Archaeological materials have also benefited from X-rays. X-rays of soil segments have revealed artifacts that have eroded away, leaving them nearly undetectable to the naked eye. Worn and damaged surfaces, which appear unmarked, have yielded inscriptions or other markings on X-rays. Heavily corroded metal objects have also used X-rays to learn more about their original state. Industrial and medical CT scans have also been used by archaeologists to study a variety of artifacts. Underwater archaeologists have utilized X-rays to see what is beneath layers of concretions.

=== Implementation ===
Radiography has been used with human dry bones to diagnose pathologies, demonstrate trauma and assist age estimation through dentition eruption status.

X-rays have been employed to analyze what is under the wrappings of mummies. In addition to providing images of the bones within, X-rays have revealed the location of jewelry and other objects that were buried with the body without disturbing the wrappings.

The Herculaneum papyri that survived the Vesuvius disaster were excavated and researchers have used X-rays to read their contents. Previous methods involved slowly unrolling the papyrus, which damaged much of the scrolls, some beyond repair.

X-ray technology was used to quickly identify individual coins uncovered in a single container. Researchers did not have to wait for slower, traditional conservation methods to separate and decipher the coins.
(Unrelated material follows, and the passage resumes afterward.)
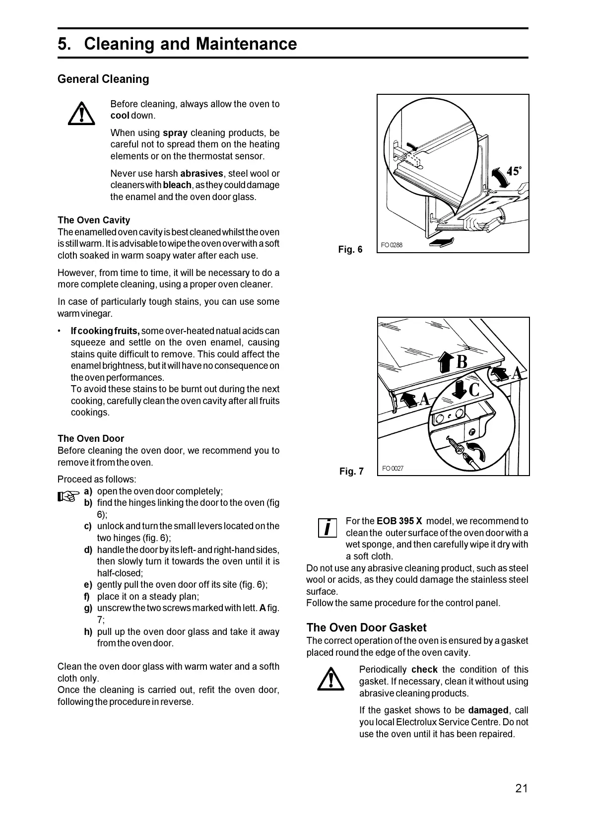 e) gently pull the oven door off its site (fig. 6);

X-rays were among the imaging techniques used to uncover lost text on the Archimedes Palimpsest, which is in the collection of the Walters Museum in Baltimore, Maryland. The museum spearheaded an extensive research project on the palimpsest that employed various imaging techniques including ultraviolet, infrared, and X-radiography.

The heavily corroded Antikythera mechanism, which was uncovered from a shipwreck at the beginning of the 20th century, has been X-rayed several times in an effort to understand how it works.